17 bytes are affected in AES mode, not 17 bits. This is because the block size of AES is 16 bytes instead of 8 bytes for DES.
When you change the ciphertext it directly affects the bits that are at the same location of the plaintext, plus the time it takes to get out of the shift register, which is the size of the block size of the cryptographic primitive, i.e. 8 bytes for DES and 16 bytes for AES.
The question is however how many blocks are affected, not how many bytes. Note that the block size of CFB will be set to 1 bit, not the block size of the underlying block cipher. CFB is a stream mode after all.

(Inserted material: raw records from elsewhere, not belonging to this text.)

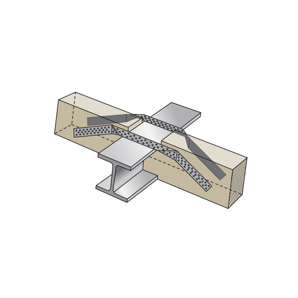 Bjälkstropp JS används huvudsakligen till när träbjälkar kapas för att kunna lägga in en stålbalk. Bjälkstroppen överför då de dragkrafter som eventuellt finns i golvbjälken.
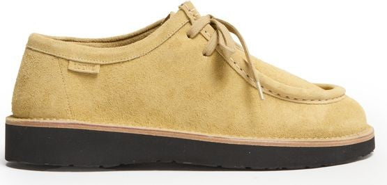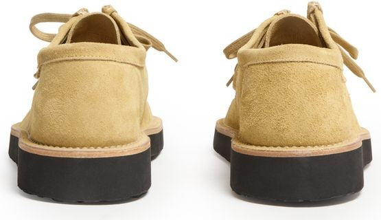 Descrizione: Scarpe stringate, pelle scamosciata, tacco piatto, tacco basso, punta tonda, suola esterna spessa, lacci e cinturino, cuciture a vista.
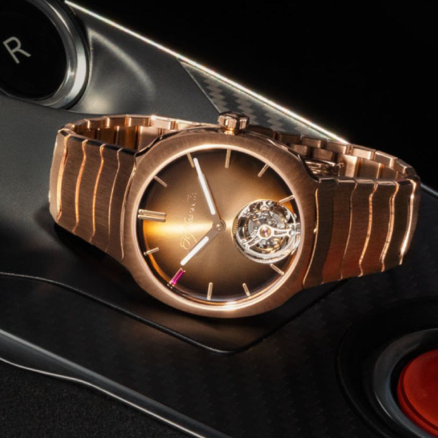 Its fully integrated red gold bracelet flows seamlessly from the case, sculpted with Moser’s signature organic lines for a continuous silhouette that balances sport and elegance. Limited to just 10 pieces worldwide, this is a collector’s piece that blends horological artistry with Gasly’s passion for detail.
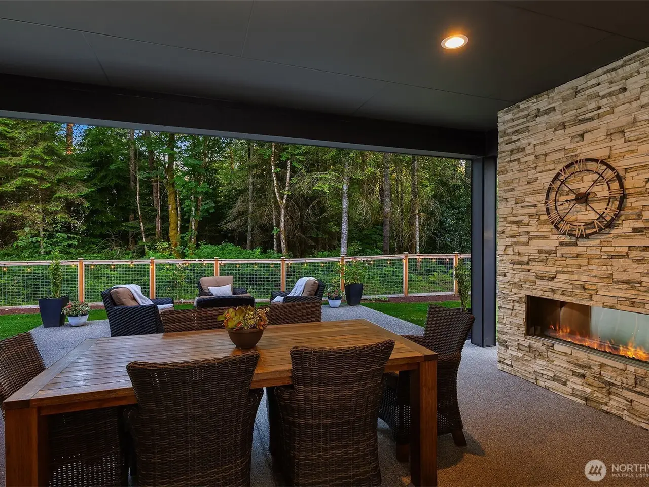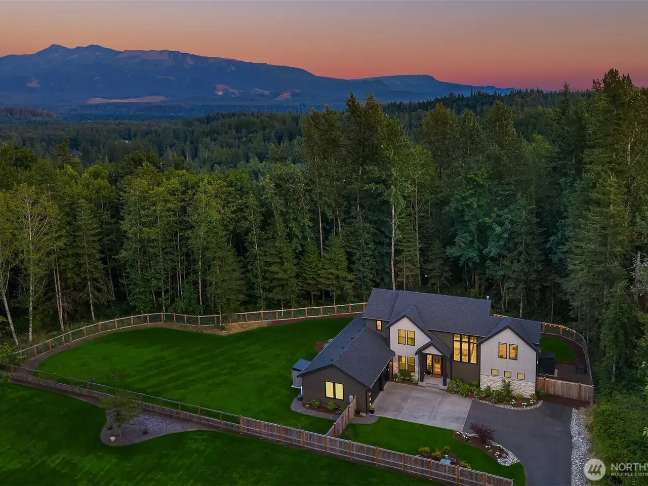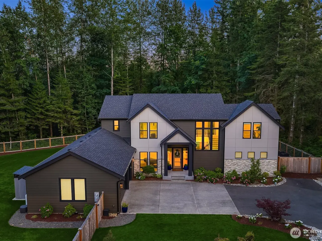 Tucked away in a private enclave, this stunning retreat sits on 1.25 acres - offering room to dream. Built just two years ago with high-end finishes, gorgeous hardwoods, and top-tier appliances, every detail is stunning. Thoughtful floorplan features an impressive great room with a floor to ceiling fireplace, spacious main-floor primary suite with a 5-piece spa bath and a junior suite, plus three additional bedrooms and a large bonus room upstairs. Soaring ceilings, designer lighting, and a gourmet kitchen create an open, airy vibe. Great room flows effortlessly out to the covered patio with fireplace - perfect for year-round enjoyment. With total privacy, level fenced yard, and space to relax, this home offers the best of Northwest living.
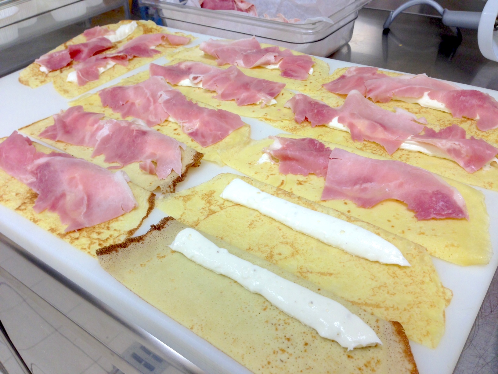 Come farcitura ho usato crescenza montata alle erbe aromatiche e prosciutto cotto
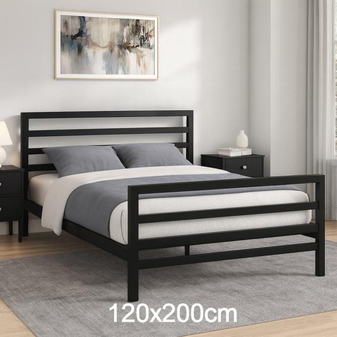 Moderan crni metalni krevet odlikuje se jednostavnim, ali elegantnim dizajnom, savršenim za svaku spavaću sobu. Iznimne je čvrstoće i izdržljivosti, s potpuno varenim podnicama i stranicama. Savršen izbor za ljubitelje minimalističkog stila i praktičnosti
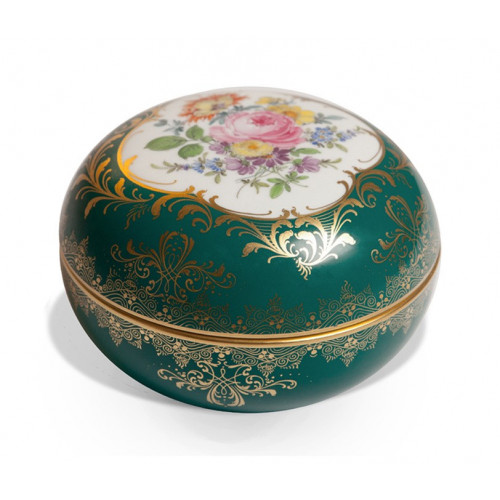 Dose, Bukett mitte,bt.,russ.-gr.glas.,Goldgrot.Schild,-spitzenk.-arab.-rand, ø 13 cm
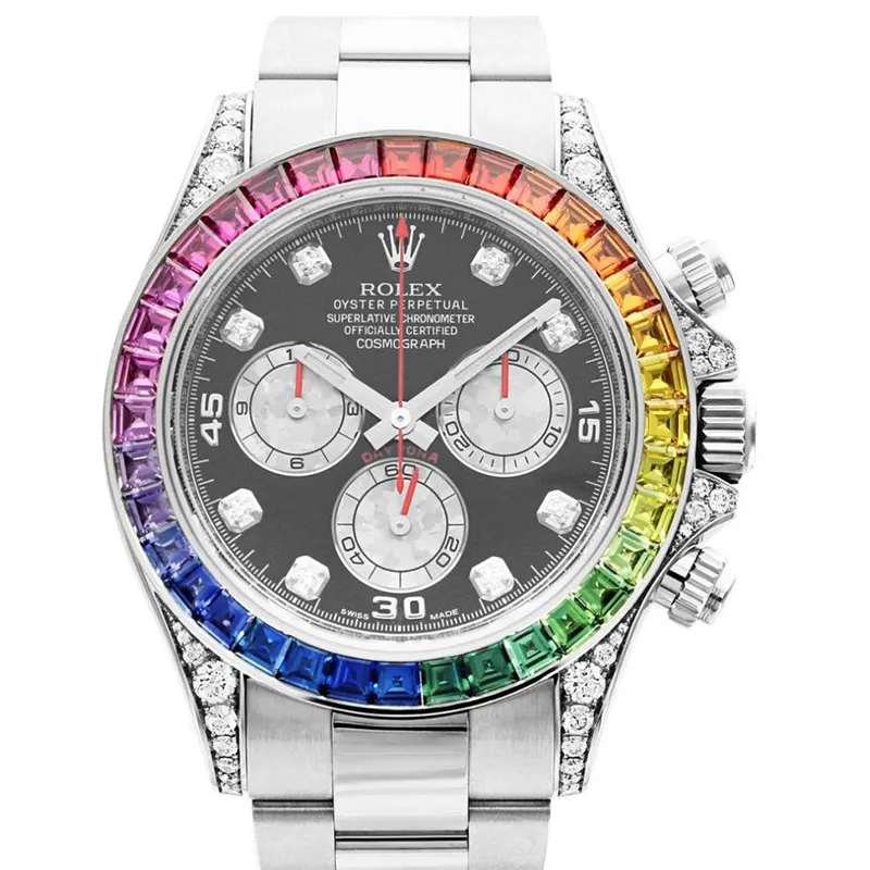 By offering cryptocurrency purchasing options, the Rolex Daytona Black Diamond Multi-Colored Gem Sapphire Rainbow White Gold 116599RBOW becomes more accessible than ever to global connoisseurs—combining the artistry of Swiss luxury watchmaking with the efficiency, sophistication, and security of modern digital payments. See the Rolex Cosmograph Daytona
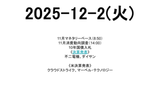 市場スケジュール海外中国11月RatingDogサービス部門購買担当者景気指数(PMI)(10:45)米11月ADP雇用統計(22:15)米9月輸出物価指数(22:30)米9月輸入物価指数(22:30)米11月ISM非製造業景況指数(24:...
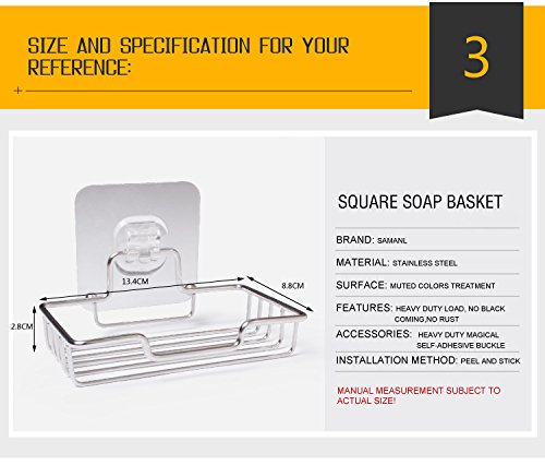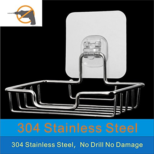 Heavy Load-Bearing 3M New Tech Stick Glue Nail Free Wall Mount Soap Dish Holder With Stainless Steel Rack
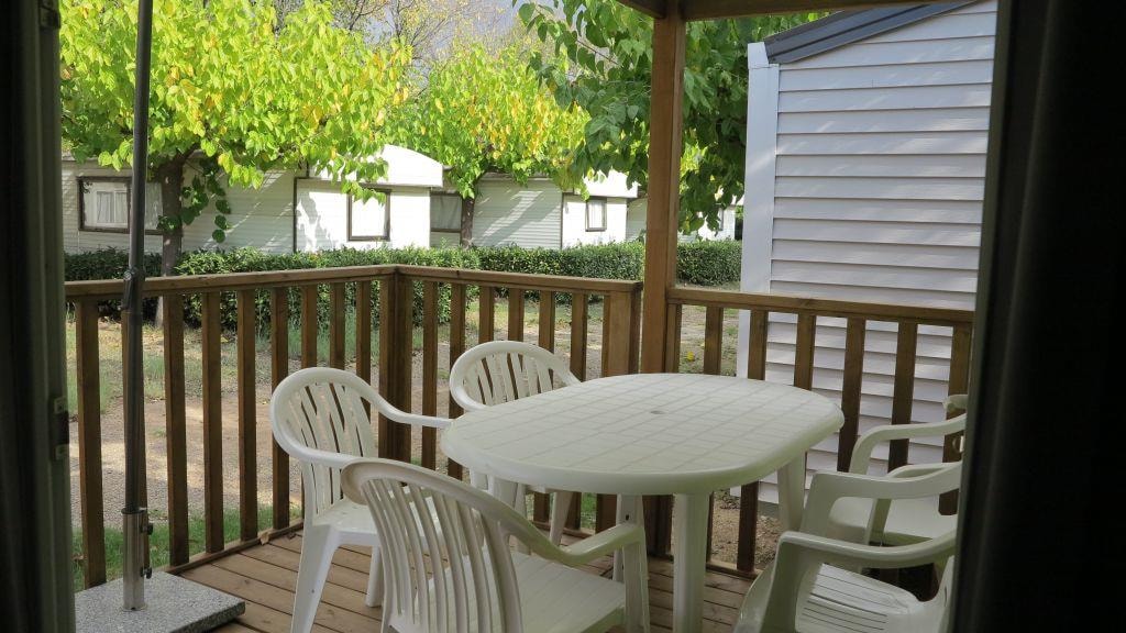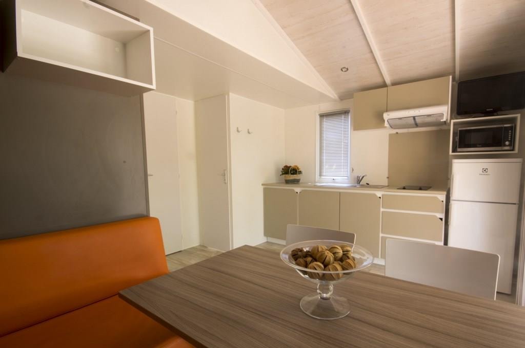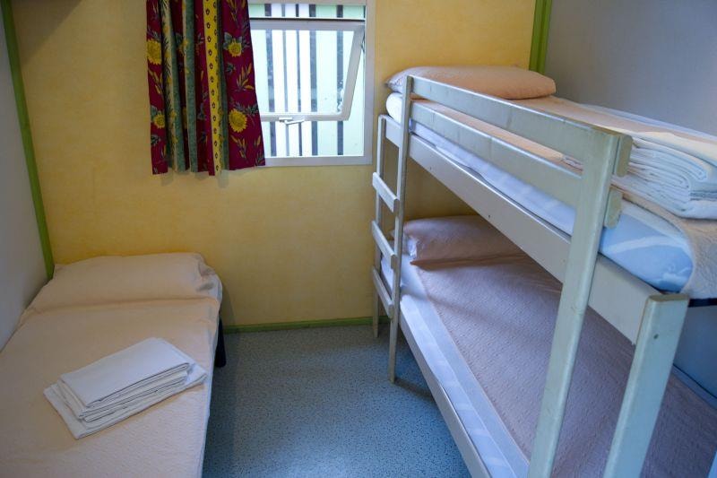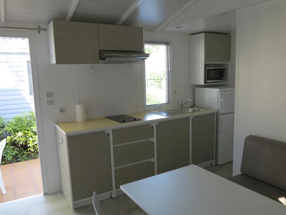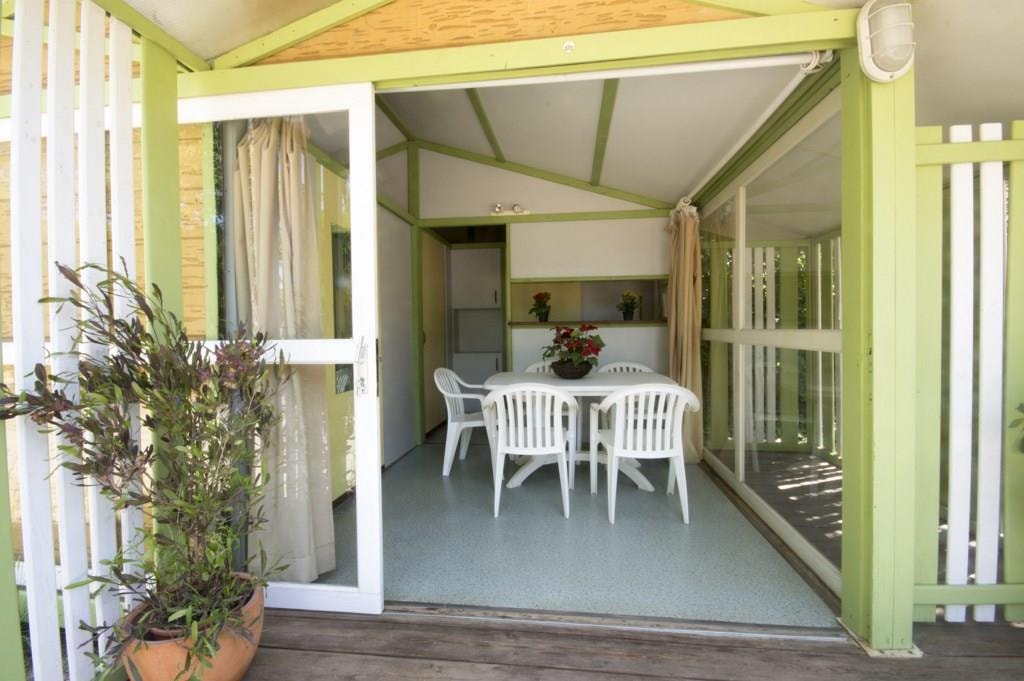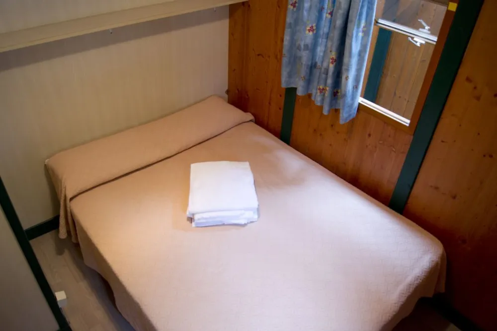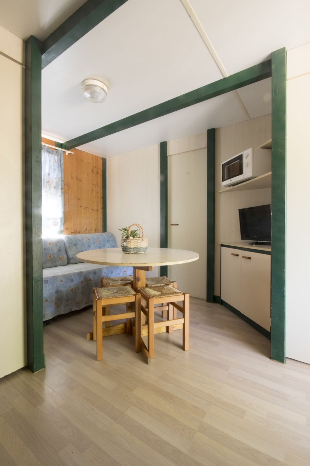 Der Bungalow Typ C2 ist ein sehr komfortabler und funktionaler Campitel-Bungalow aus Holz mit einer Kapazität von 4-5 Personen. Er besteht aus 2 Schlafzimmern, Bad, Küche, Wohnzimmer mit Essbereich und einer Schlafcouch für eine Person, überdachter Terrasse und Parkplatz im Freien für ein Auto. Das Bad besteht aus WC, Waschbecken und Dusche mit Warmwasser. Küche mit Koch- und Essgeschirr, Herd, Spüle und Kühlschrank. Ein Schlafzimmer ist mit einem Doppelbett ausgestattet und das andere mit einem Etagenbett für zwei Personen. Er verfügt auch über TV, Telefon, Mikrowelle und Gartenmöbel auf der Terrasse. Inklusive Bettwäsche und Handtücher mit wöchentlichem Wechsel. Bungalow C2, 4/5 Pers. - 30 m2.
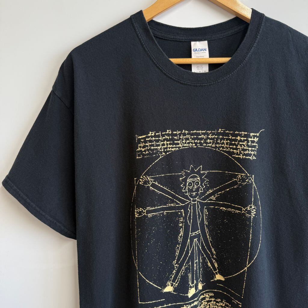 GILDAN ギルダン リックアンドモーティ リックサンチェス レオナルドダヴィンチ ウィトルウィウス的人体図 半袖Tシャツ 黒 ブラック XLサイズ No.G647
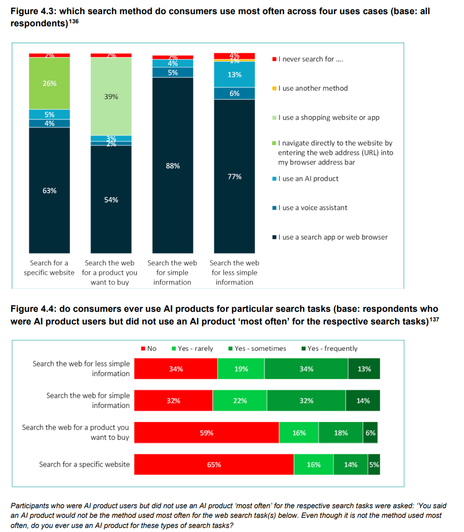 "The research also found that all consumers reported still using traditional search engines alongside AI assistants. In other words, traditional search engines and AI assistants are perceived as complementary rather than fully substitutable. For example, although consumers do sometimes use AI assistants for ‘search-like’ tasks, they may resort to traditional general search engines to confirm that the output they receive is reliable, and/or carry out a ‘follow-up’ search task such as navigating to a website
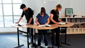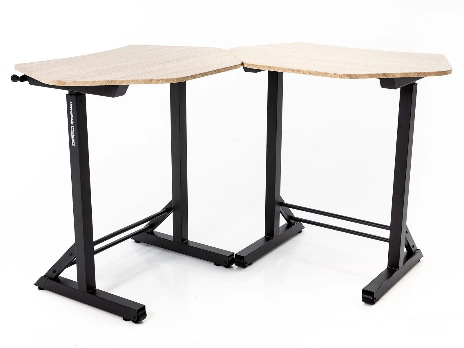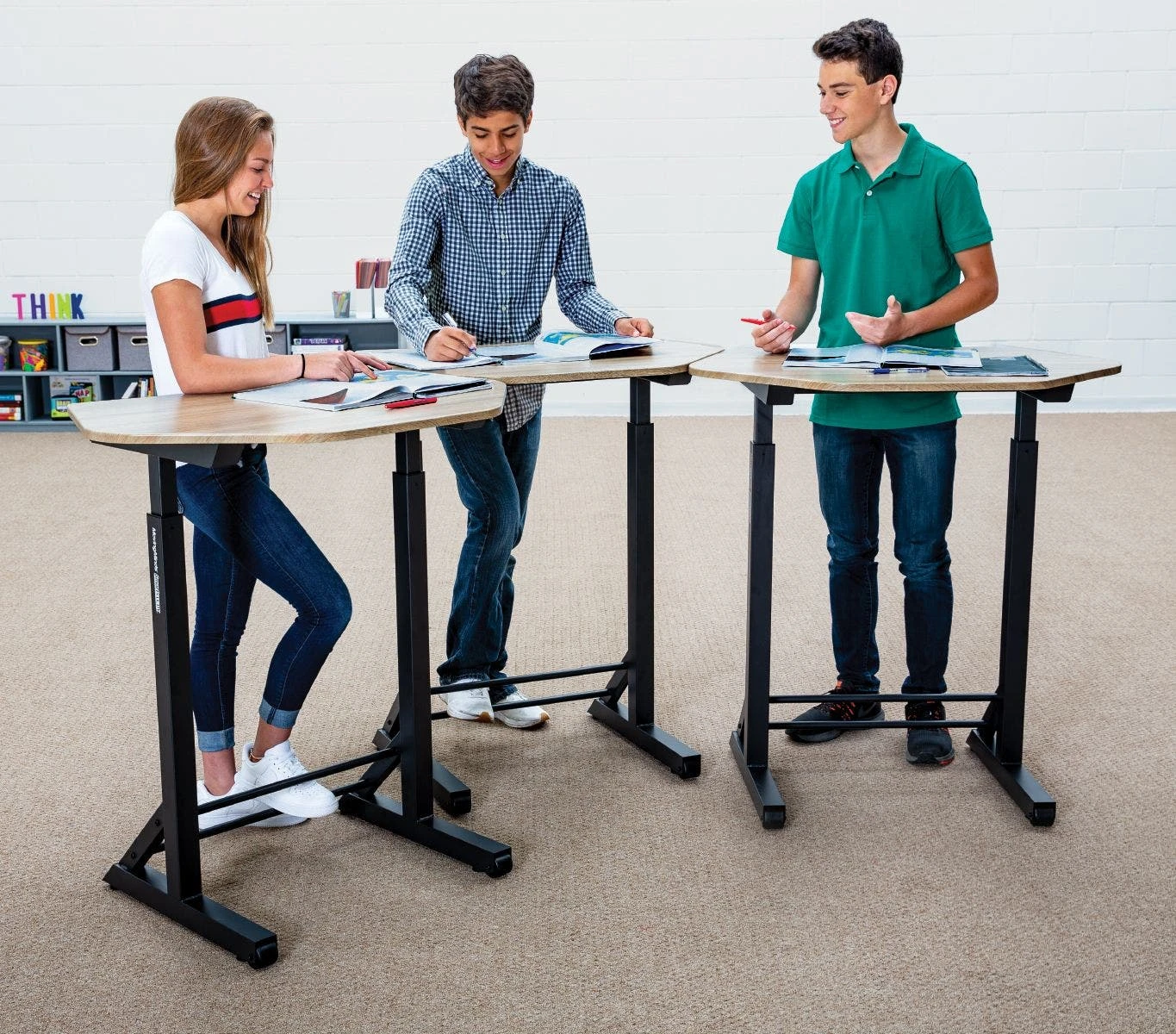 Our adjustable modular standing desks feature a built-in hand crank that adjusts desktop height along a 6″ range to meet almost any student at their level. Crank easily stows away under the desktop. As activities conclude, seamlessly transport adjustable desks on tip-and-roll wheels to create your next custom workspace or revert to your usual classroom setup in seconds.
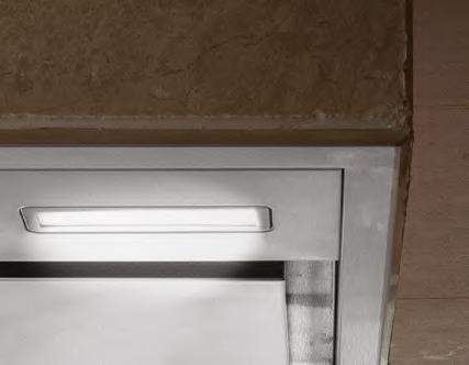 O bar foi acoplado na ilha central e se destaca pela sua inserção abaixo do nível da bancada, criada com o revestimento Neolith no padrão Strata Argentum com execução da Eccomarmi Marmoraria
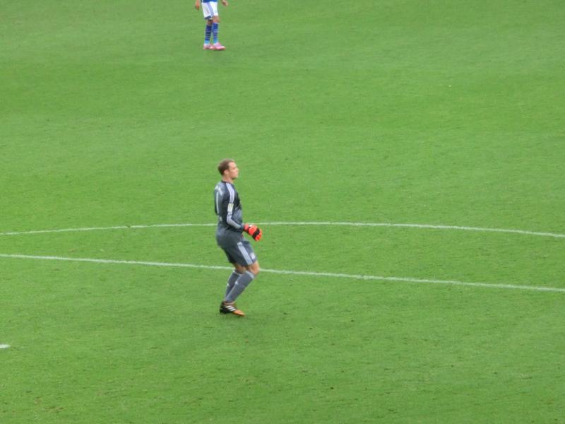 さあ、後半が始まる。後半はわれわれの席側にシャルケは攻めてくるし、ゴール前にはノイアーがいるし、しっかり楽しませてもらいましょう。途中の選手交代などがあり、後半17分に緩やかなフリーキックから、ゴール前で折り返したチュポモティングのシュートをシャビアロンソがクリアするも、そのボールがヘーヴェデスに当たってそのままゴール。リプレイを見るとハンドかどうか微妙なところで、ノイアーが審判に抗議をしていたが認められず、シャルケが追いついた。スタジアム全体が歓声に包まれている。そう、やっぱりホームチームのゴールが決まるとこんな雰囲気を楽しむことができるんだね。そのゴールの直後、バイエルン側のサポーター席から何かがシャルケ側のサポーター席に飛んでいったが、おそらくドリンク入りのカップ。それはダメでしょ。こんなカップが飛んでいくようなら、やっぱりペットボトルは持ち込み禁止になるよね。
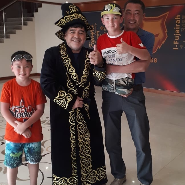 Семья родившегося без ног казахстанского мальчика Али Турганбекова подарила казахский чапан легенде мирового футбола Диего Марадоне. Али и Марадона встретились в ОАЭ, где аргентинец работает главным тренером клуба "Аль-Фуджайра".

So you could say that 9 * 8 = 72 blocks are affected for DES or indeed 17 * 8 = 136 for AES. This is probably not what is meant by the teacher, you're better off guessing 2 blocks for both or 9 for DES and 17 for AES. Also see the explanation by SEJPM here.
The nice thing about CFB8 mode is that if you drop or insert a byte that it will re-synchronize. What it won't do is to only flip those plaintext bits that are changed in the ciphertext, such as CTR mode does.
Nowadays we're not that interested anymore. We tend to catch transmission errors in a lower layer and then only decrypt if the entire ciphertext is available, preferably using authenticated encryption to catch any changes to the ciphertext (deliberate or otherwise).
Note also that CFB8 mode is terribly expensive; it requires a block encrypt for each byte that is transmitted, both for encrypting as decrypting.